* **SUPPLIED MATERIAL**:
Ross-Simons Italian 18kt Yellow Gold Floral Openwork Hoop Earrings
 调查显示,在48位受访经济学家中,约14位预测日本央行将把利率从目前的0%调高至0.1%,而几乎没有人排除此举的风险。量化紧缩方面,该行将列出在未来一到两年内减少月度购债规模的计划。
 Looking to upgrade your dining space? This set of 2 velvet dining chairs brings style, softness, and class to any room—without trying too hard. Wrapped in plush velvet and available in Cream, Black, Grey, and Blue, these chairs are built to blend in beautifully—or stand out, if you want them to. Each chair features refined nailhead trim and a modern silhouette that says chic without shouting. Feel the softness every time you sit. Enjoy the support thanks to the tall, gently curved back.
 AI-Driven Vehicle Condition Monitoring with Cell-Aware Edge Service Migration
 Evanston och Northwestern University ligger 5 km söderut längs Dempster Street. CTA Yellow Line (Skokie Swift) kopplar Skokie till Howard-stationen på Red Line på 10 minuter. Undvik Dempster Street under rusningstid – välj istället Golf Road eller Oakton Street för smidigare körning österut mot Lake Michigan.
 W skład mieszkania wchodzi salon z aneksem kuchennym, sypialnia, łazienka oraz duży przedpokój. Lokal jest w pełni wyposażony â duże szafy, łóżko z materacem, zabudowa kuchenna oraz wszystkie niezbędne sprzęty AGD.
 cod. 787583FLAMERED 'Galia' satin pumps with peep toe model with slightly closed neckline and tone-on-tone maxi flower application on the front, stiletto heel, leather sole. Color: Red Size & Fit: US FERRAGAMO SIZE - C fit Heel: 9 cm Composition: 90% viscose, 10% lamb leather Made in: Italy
---
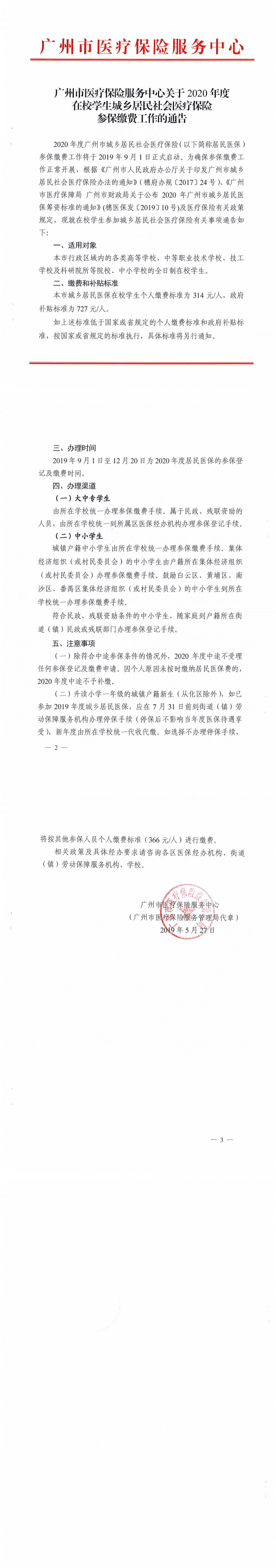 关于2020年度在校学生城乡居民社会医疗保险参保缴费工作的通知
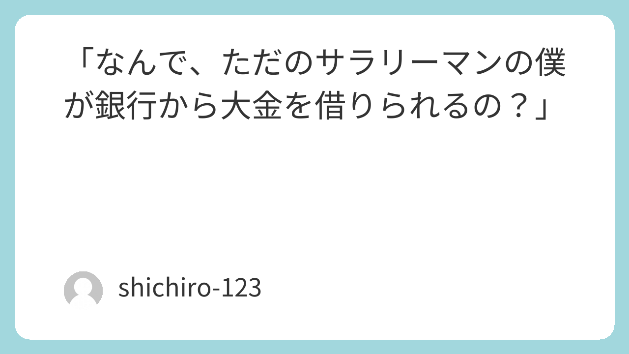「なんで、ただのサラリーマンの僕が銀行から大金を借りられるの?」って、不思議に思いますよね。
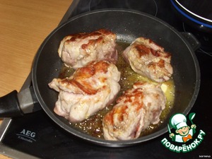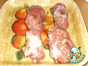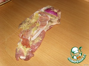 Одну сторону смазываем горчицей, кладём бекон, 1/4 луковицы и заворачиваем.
---
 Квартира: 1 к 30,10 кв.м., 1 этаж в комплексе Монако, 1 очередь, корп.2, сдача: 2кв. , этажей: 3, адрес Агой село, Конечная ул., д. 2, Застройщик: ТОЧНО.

* **WORK ORDER**: In the listing above, find the line containing "Ross-Simons Italian 18kt" and the line containing "Looking to upgrade", then quote both, plus every line between them, exactly as written.

* **OUTPUT**:
Ross-Simons Italian 18kt Yellow Gold Floral Openwork Hoop Earrings
 调查显示,在48位受访经济学家中,约14位预测日本央行将把利率从目前的0%调高至0.1%,而几乎没有人排除此举的风险。量化紧缩方面,该行将列出在未来一到两年内减少月度购债规模的计划。
 Looking to upgrade your dining space? This set of 2 velvet dining chairs brings style, softness, and class to any room—without trying too hard. Wrapped in plush velvet and available in Cream, Black, Grey, and Blue, these chairs are built to blend in beautifully—or stand out, if you want them to. Each chair features refined nailhead trim and a modern silhouette that says chic without shouting. Feel the softness every time you sit. Enjoy the support thanks to the tall, gently curved back.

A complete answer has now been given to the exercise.